====== Records provided

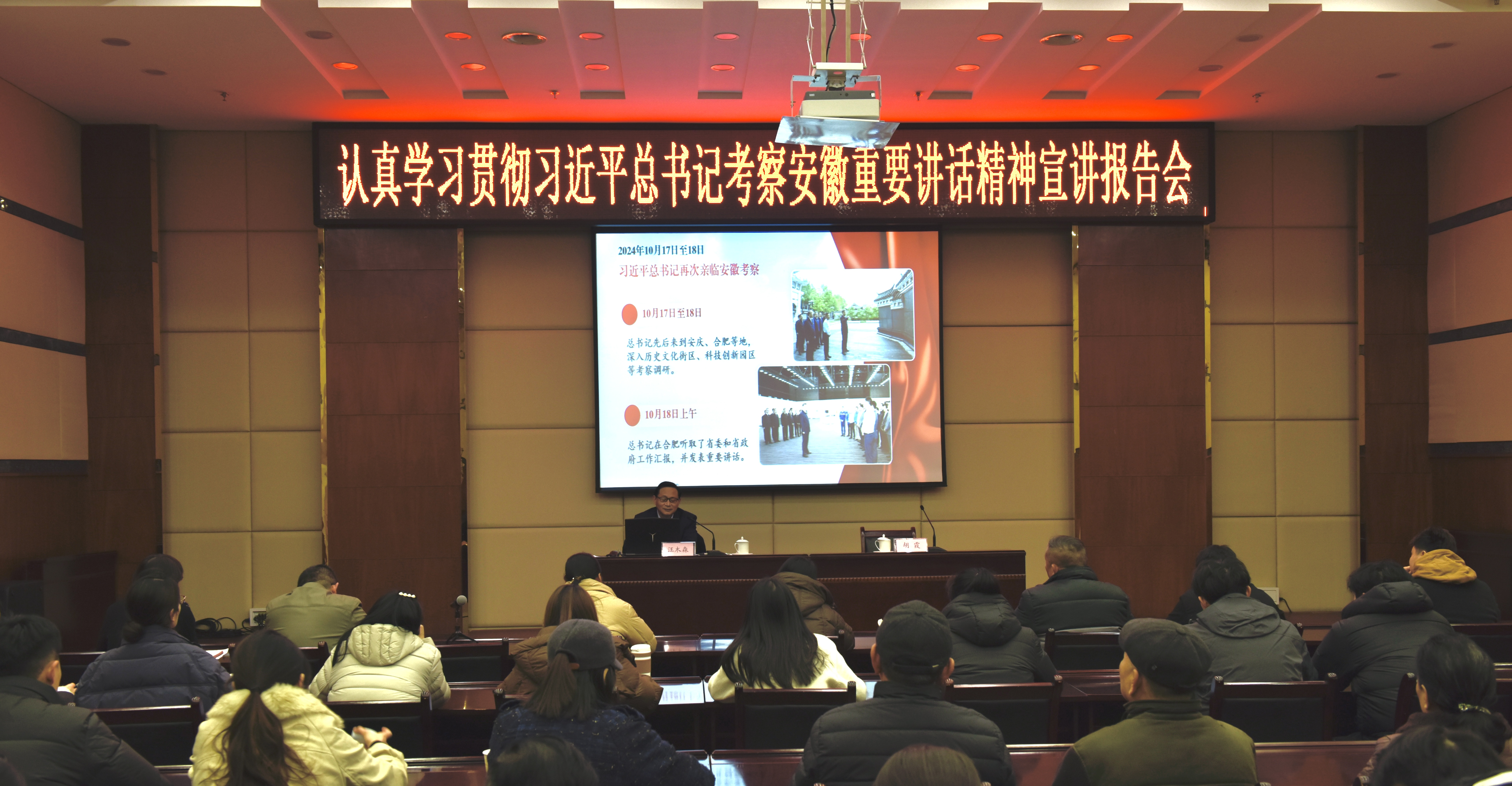 報(bào)告會(huì)從充分認(rèn)識(shí)習(xí)近平總書(shū)記考察安徽重要講話的重大意義、深刻領(lǐng)會(huì)習(xí)近平總書(shū)記考察安徽重要講話精神的豐富內(nèi)涵、切實(shí)推動(dòng)習(xí)近平總書(shū)記考察安徽重要講話精神落地生根三個(gè)方面,結(jié)合實(shí)際,深刻闡釋和解讀了習(xí)近平總書(shū)記考察安徽重要講話精神。
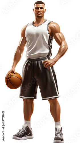 A stylized male basketball player stands confidently with a basketball, showcasing athleticism and sportsmanship.
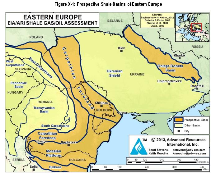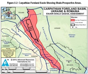En accord avec sa volonté de désengagement vis-à-vis de ses approvisionnements en gaz russe, sources d’incessantes querelles, l’Ukraine poursuit sa politique de prospection et de mise en exploitation éventuelle de ses réserves de gaz de schistes. Après avoir signé au mois de Janvier dernier avec Shell un accord de prospection et l’exploitation de ses champs du bassin de Dniepr-Donetz, situé à l’Est du pays, les dirigeants ukrainiens viennent de signer un accord semblable avec l’américain Chevron pour explorer et mettre en exploitation  le champ  d’Olesska situé au coeur du Bassin promontoire des Carpates, à l’Ouest de l’Ukraine (FIG.).
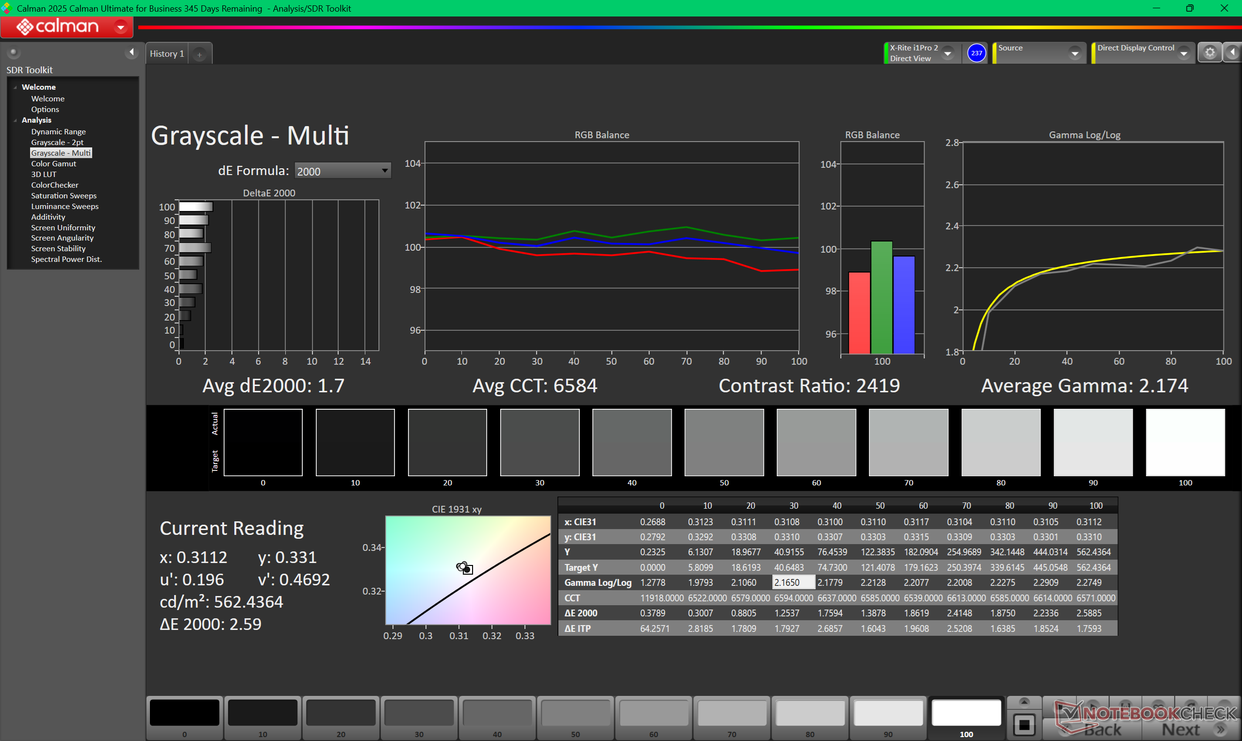 ΔE Greyscale Calman: 2.5 | ∀{0.09-98 Ø5}
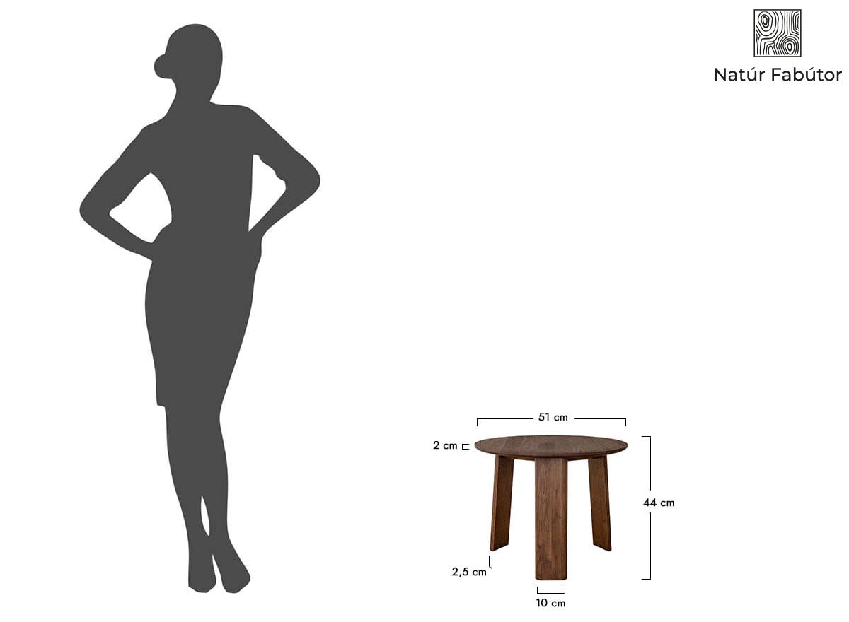 A Monti kollekció 51 cm-es átmérőjű dohánybarna kerek asztala a valódi elegancia megtestesítője, amely azonnal magára vonja a figyelmet. Ez a bútordarab a klasszikus stílus és a modern elemek tökéletes ötvözete. Mély, sötét dohánybarna színe remekül illeszkedik mind a modern, mind pedig a klasszikus belső terekbe. Ez egy olyan bútor, amely meglepi az embert a varázsával – kerek asztallapja, amely három masszív lábon nyugszik, tökéletesen megállja a helyét a pihenőzóna középpontjában, de más helyeken is jól használható.

============

> Problem: Every record above needs to be repeated exactly; pictures are to be left out.

> Exercise response:
 報(bào)告會(huì)從充分認(rèn)識(shí)習(xí)近平總書(shū)記考察安徽重要講話的重大意義、深刻領(lǐng)會(huì)習(xí)近平總書(shū)記考察安徽重要講話精神的豐富內(nèi)涵、切實(shí)推動(dòng)習(xí)近平總書(shū)記考察安徽重要講話精神落地生根三個(gè)方面,結(jié)合實(shí)際,深刻闡釋和解讀了習(xí)近平總書(shū)記考察安徽重要講話精神。
 A stylized male basketball player stands confidently with a basketball, showcasing athleticism and sportsmanship.
En accord avec sa volonté de désengagement vis-à-vis de ses approvisionnements en gaz russe, sources d’incessantes querelles, l’Ukraine poursuit sa politique de prospection et de mise en exploitation éventuelle de ses réserves de gaz de schistes. Après avoir signé au mois de Janvier dernier avec Shell un accord de prospection et l’exploitation de ses champs du bassin de Dniepr-Donetz, situé à l’Est du pays, les dirigeants ukrainiens viennent de signer un accord semblable avec l’américain Chevron pour explorer et mettre en exploitation  le champ  d’Olesska situé au coeur du Bassin promontoire des Carpates, à l’Ouest de l’Ukraine (FIG.).
 ΔE Greyscale Calman: 2.5 | ∀{0.09-98 Ø5}
 A Monti kollekció 51 cm-es átmérőjű dohánybarna kerek asztala a valódi elegancia megtestesítője, amely azonnal magára vonja a figyelmet. Ez a bútordarab a klasszikus stílus és a modern elemek tökéletes ötvözete. Mély, sötét dohánybarna színe remekül illeszkedik mind a modern, mind pedig a klasszikus belső terekbe. Ez egy olyan bútor, amely meglepi az embert a varázsával – kerek asztallapja, amely három masszív lábon nyugszik, tökéletesen megállja a helyét a pihenőzóna középpontjában, de más helyeken is jól használható.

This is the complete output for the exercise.